Very cool and generous!


----------



## devonmyles (Dec 16, 2016)

Excellent. Thank you very much.
What a cool week for freebies and heavy discounts.


----------



## Vovique (Dec 16, 2016)

Thanks! Excellent instrument


----------



## Daniel (Dec 16, 2016)

Thank you. I don't have full retail of Kontakt5 yet, but I am keeping this free library


----------



## Vastman (Dec 16, 2016)

Call me paranoid but I am choosing to be cautious here... no demos, no walkthrus, new person, new facebook, new company supposedly in LA, with NO other products on the market, no way to contact, no address, offering files for us to download into our DAWs... a possible honeypot... I mean, who can resist?

As a victim of identity theft and an avid listener to Security Now, in an unfortunate world where malicious software/ransomware is increasingly wangling it's way/spoofed into our systems, I'm going to cautiously pass on this *possibly wonderful gift* from a TOTAL stranger.


----------



## eddiemellencamp (Dec 16, 2016)

Vastman said:


> Call me paranoid but no demos, no walkthrus, new person, new facebook, new company supposedly in LA, with NO other products on the market, offering files for us to download into our DAWs... a possible honeypot... I mean, who can resist?
> 
> As a victim of identity theft and an avid listener to Security Now, in an unfortunate world where malicious software/ransomware is increasingly wangling it's way/spoofed into our systems, I'm going to cautiously pass on this possibly wonderful gift from a TOTAL stranger


Nobody would target such a small community and go to this kind of effort. You should maybe take a step back and think about relaxing, just getting a little perspective on things, calming down. First things first though, PM me your social security or whatever equivalent they have in your backwards country, and I can help you get through this.


----------



## Vastman (Dec 16, 2016)

Eddie... I'm just being cautious... too many folks have ended up with ransomware which appears 30 or 60 days after a "this is cool" download from an unknown source and the impact is huge... Not sayin'... just sayin'


----------



## jtnyc (Dec 16, 2016)

eddiemellencamp said:


> Nobody would target such a small community and go to this kind of effort. You should maybe take a step back and think about relaxing, just getting a little perspective on things, calming down. First things first though, PM me your social security or whatever equivalent they have in your backwards country, and I can help you get through this.

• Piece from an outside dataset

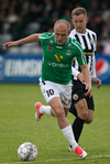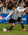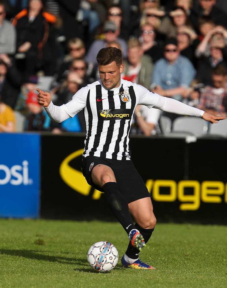 RÉTT FRAMHJÁ! Tobias Thomsen með skot sem strauk stöngina utanverða. Það vantar ekki færin í þennan leik. Fyrsta markið hlýtur að fara að detta!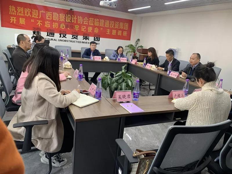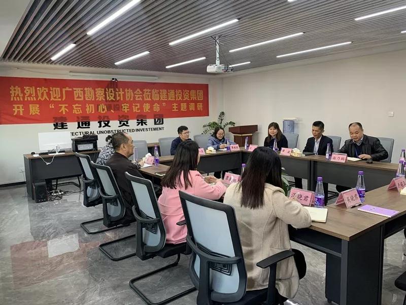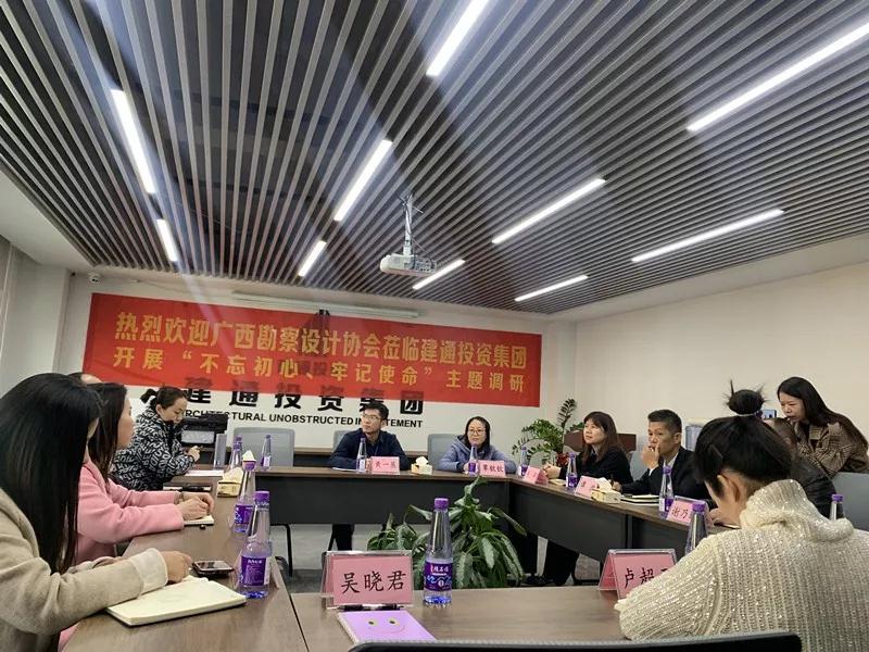 2019年12月9日,廣西勘察設(shè)計和重點工程協(xié)會黨支部書記兼廣西勘察設(shè)計協(xié)會副理事長、秘書長覃燕娜,廣西勘察設(shè)計協(xié)會副理事長兼常務(wù)副秘書長王桂強等領(lǐng)導(dǎo)蒞臨建通投資集團(tuán)開展“不忘初心、牢記使命”主題教育調(diào)研活動,我集團(tuán)對各位領(lǐng)導(dǎo)蒞臨指導(dǎo)工作表示熱烈歡迎。

That caught me off guard and made me laugh out loud. Very funny, although I thought the same thing as Vastman and passed for now.


----------



## Michael K. Bain (Dec 16, 2016)

Vastman said:


> Eddie... I'm just being cautious... too many folks have ended up with ransomware which appears 30 or 60 days after a "this is cool" download from an unknown source and the impact is huge... Not sayin'... just sayin'


Thanks for your words of caution. I decided to pass as well. If this is legit, I thank the author for the offer.


----------



## kurtvanzo (Dec 16, 2016)

PDF with product is 5 pages, logo and pics, pretty complete, and includes:
"Thank you for downloading our very first FREE product, the ORCHESTRAL RISE BUILDER! This orchestral sample library was recorded with members of the Georgian National Philharmonic at the Georgian Film Studio scoring stage in Tbilisi, Georgia."
Makes me think less of a scam (too much info) and more of a "rebranding"... Olajide?


----------



## eddiemellencamp (Dec 16, 2016)

https://hiddenpathaudio.us14.list-manage.com/subscribe/confirm-captcha


> Hidden Path Audio
> 11740 Wilshire Blvd.
> Unit A2005
> Los Angeles, CA 90025



https://www.yelp.com/biz/barrington-plaza-los-angeles


> The community is nice, the location is great, but some neighbors throw trash from the windows, and some neighbors don't clean the dog poop, just let their dogs p everywhere. Could you guys please stop doing this?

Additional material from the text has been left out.